Ruby Testing Glossary

Ruby-Specific Terms

Capybara
Integration testing tool. Capybara’s GitHub page describes it as an “acceptance test framework for web applications” but everyone I know uses the term “integration test” when they talk about Capybara. I would even argue that this is a misapplication of the acceptance test term.
Cucumber
A tool that lets you write test scenarios in English commands and then tie those English commands to code. For example, a Cucumber file could contain the line Given I am on the login page. In a different file, the text Given I am on the login page would map to some Ruby code that navigates to the login page.
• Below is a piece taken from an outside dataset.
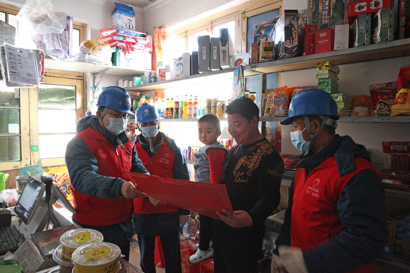 索镇张桥村村民任峰远经营着一家小超市,春节将至,他购进了一批冷冻食品来满足供应需求,志愿者们了解情况后,对超市冰柜插座、线路等进行仔细摸排,并对漏电保护器进行了检查,确保漏保正常工作。同样,志愿者们也把“福”字送到了任峰远手中,增添了节日的氛围。

I personally advise people not to use Cucumber. This article by Kevin Liddle does a pretty good job of articulating the reasons why I think using Cucumber isn’t a very good idea.

Database Cleaner
The tests in a test suite should be runnable in any order. If a test leaves behind extra data or depends on data set up in a previous test, there’s a good chance the ability to run the tests in any order has been lost. Database Cleaner is a tool that helps ensure every test case starts and ends with a blank database.
factory_bot
“A library for setting up Ruby objects as test data”, according to factory_bot’s GitHub page. I think that’s a pretty good description. If I were to say it in my own words, I’d describe factory_bot as a library that helps define factories for the purpose of conveniently creating test data.
Faker
Faker is, for my purposes, a tool that generates random values so I don’t have to manually come up with arbitrary phone numbers, names of people, etc. when testing. Faker is also handy when I need test values to be unique, e.g. when having two people with the same name would be a problem. I use Faker in conjunction with factory_bot.
MiniTest
A Ruby testing framework.
RSpec
A Ruby testing framework. In my perception, RSpec is by far the most popular testing framework in the Rails community.
System Tests
A feature added to Rails core in Rails 5.1 to make integration testing easier. Uses Capybara. If you’d like to learn more about System Tests, Noel Rappin wrote a pretty good Rails System Tests guide.
Test::Unit
A Ruby testing framework.
timecop
A library that makes it easy to test time-dependent code. Offers features like “time travel” and “time freezing”.

Non-Ruby-Specific Terms

Acceptance Test
A test that checks whether a feature meets its business requirements. A certain feature may work exactly as the developer and designer intended, but if the developer and designer designed and built the wrong thing, the acceptance test would fail.
Assertion
A condition that evaluates to true if the feature behaves properly and false if the feature contains a bug. The analogous term in RSpec is “expectation”.
CI Server
A server that aids in the practice of continuous integration. A CI server typically runs the test suite anytime a code change is pushed and notifies the development team in the case of a test suite failure.
CircleCI
A CI server product.
Continuous Integration
The practice of continuously merging together the work of all the developers on a development team. The benefit of continuous integration is that it helps teams avoid the painful process of integrating large chunks of work, which is often tedious and error-prone.
Dependency Injection
A technique where an object’s dependencies are passed as arguments, making it easier to test objects in isolation. James Shore defined dependency injection as simply “giving an object its instance variables”. I like that definition.
Factory
There’s a design pattern called the Factory Pattern or the Factory Method Pattern and it exists independently of anything to do with tests. I basically think of a factory as code that spits out an object of some sort.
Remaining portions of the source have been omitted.